Teachers College Record

Mica Pollock

2013 In this essay, I propose a design research agenda that braids equity research and technology research in education. More specifically, I propose that researchers join educators, youth, families, and community partners in tackling a central challenge for education research today: figuring out how and when low-cost and commonplace technologies, in combination with face-to-face talk and paper, can support necessary communications between the range of supporters who share students, schools, a district and a diverse community. I call such work improving the communication infrastructure of public education.

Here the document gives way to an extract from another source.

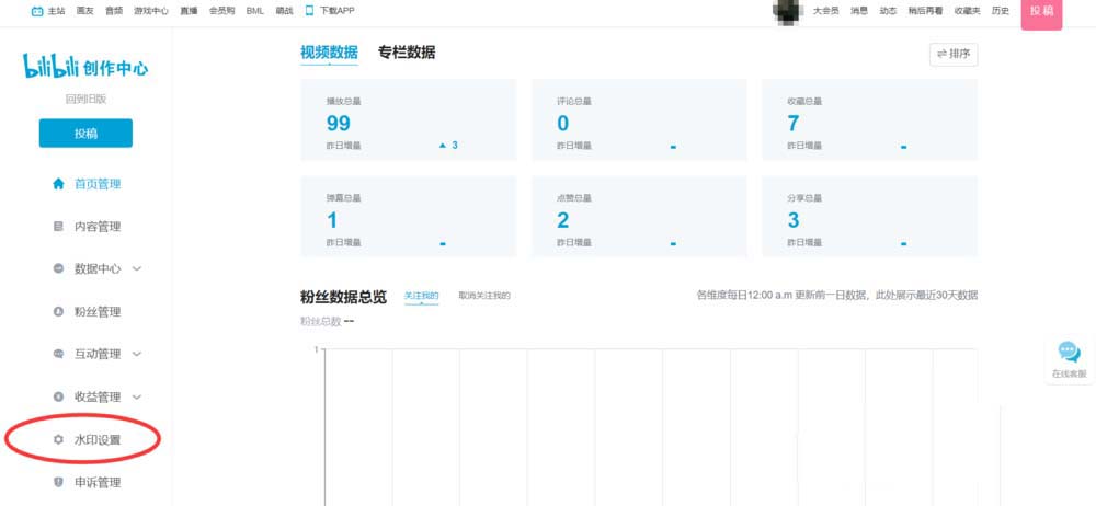 3、接著網頁就跳到了我們的創作中心這邊,在左邊我們能看到很多的功能,我們點擊水印管理

This Essay discusses this research agenda as forged in the OneVille Project, a participatory design research effort engaging people of all ages in exploring the potential of low cost and commonplace technologies (cell phones, computers, free software) for connecting people in youth support efforts in the diverse community of Somerville, MA. In the OneVille Project, educators, parents, young people, and research partners together designed and tested new communication infrastructure, including new data displays for communicating ready/reliable information about young people to educators, students and families, online portfolios for sparking robust communication about the whole student, student-teacher text messaging for affording rapid/routine communication about students' well-being, and multilingual phone and face-to-face parent networks for enabling far-reaching communications across language and technology barriers. Purpose/Objective/Research Question/Focus of Study: In education, much research suggests that to support young people's talent development, students and the diverse people who share education communities need to communicate information regularly with student support in mind, and to build relationships supporting this communication. But often a support network goes underutilized-like a city at night, with half of the bulbs gone dark. Who in a diverse community needs to communicate what to whom in order to support young people? What barriers prevent such communication? Which channels and habits of communication might enable these necessary communications? Encouraging others to ask such questions in their local school systems is the purpose of this essay.